Ои смотрел, смотрел, но эсэсовца, стоявшего неподалеку от окна и давно уже грозившего ему кулаком, не видел.
А это был Гунст.
— А-а-а-а!
Гунст, как собака, щелкнул зубами и вскинул автомат. Из синего стекла барачного окна со звоном брызнул фонтан осколков. Линтварев рухнул на спину.
На плац вывели тех, кому казнь назначалась на завтра, а сегодняшняя должна была служить нравоучением. Судя по восклицаниям, которые вырывались из толпы поучающихся, среди них было много французов.
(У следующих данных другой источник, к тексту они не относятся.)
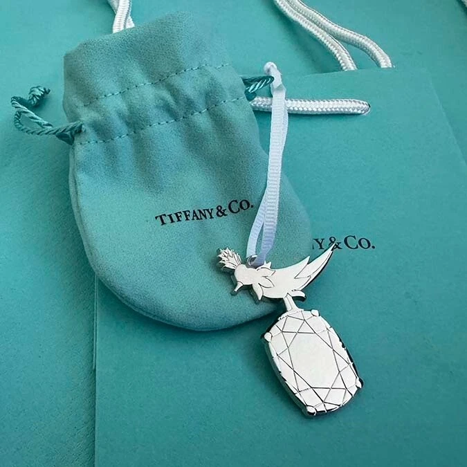 * TIFFANY'S ICONIC "SCHLUMBERGER DESIGNED " BIRD ON A ROCK " .... *(ORIGINAL DESIGN DEPICTS A BIRD ON A JEWEL, GEMSTONE, DIAMOND, SAPPHIRE, etc.)* Tiffany & Co. * CHRISTMAS SEASON LIMITED-EDITION CHARM OR ORNAMENT * NOVELTY GIFT...* Tiffany Artistic Design ... Perfectly Wonderful Addition For Your Treasured Christmas Collection.... . Delightful addition for your Christmas Tree as a Small Ornament or Holiday Decor...or as a Charm to go with your T&C Purse or Bag, etc....For where ever you imagination envisions it to be.... Made of some type of metal with a shiny silvery-mirror like finish... (c)TIFFANY & CO on back of Bird on a Rock. Tiffany White Silk Hanging Ribbon Tiffany & Co Blue Pouch Tiffany & Co Small Blue Shopping Bag NEW .... 2024 ... ** PLEASE see photos above as part of ornament/charm description. *Please email any questions you may have. *Carefully wrapped for Shipping Via USPS MAIL. No International Shipping. Shipping in US only. *Please see our other wonderful Tiffany & Co "Treasures" & Ornaments being offered on Hawaiistrong now...more being listed..... * THANK YOU & HAPPY ALOHA HOLIDAYS! * "Fly into the New Year"....

— Се je ne sais quoi…[151]
Были также англичане.
— Goddem! My he art gocs pitt-a-patt![152]
Майор канадской армии Седдон де Сент-Клер слышал все эти возгласы. Но они пробегали мимо его сознания, не прикасаясь к мысли. Зато горячая и быстрая речь маленького старика, обращенная к русским товарищам, при всей своей непонятности, действовала на майора, как магнит. «Советский Союз»… «Советский Союз»… Эти слова де Сент-Клер понимал. О, как хорошо он понимал их! Карбышев говорил, задыхаясь, — не столько говорил, сколько хрипел.
— Германия… Нет, Германия — не нацисты, а немцы — не фашизм…
Ему хотелось сказать, что Германия нацистских дармоедов, грабителей, убийц и гестаповцев вовсе не то же самое, что Германия честного, простого, трудолюбивого народа. Уже и сейчас между той и другой Германией пропасть. Но народ германский везде и всегда один. И он знает, за кем, куда идти, и здесь — конец фашизма… Очень, очень хотелось сказать, потому что никогда еще все это не было так понятно и ясно, как сейчас. Но сказать было трудно, — невозможно. Карбышева бил жестокий озноб. Жернова холода ворочались в его груди. Язык еле двигался. И последнее, что ему удалось выговорить, было одновременно и похоже и не похоже на то, о чем он думал.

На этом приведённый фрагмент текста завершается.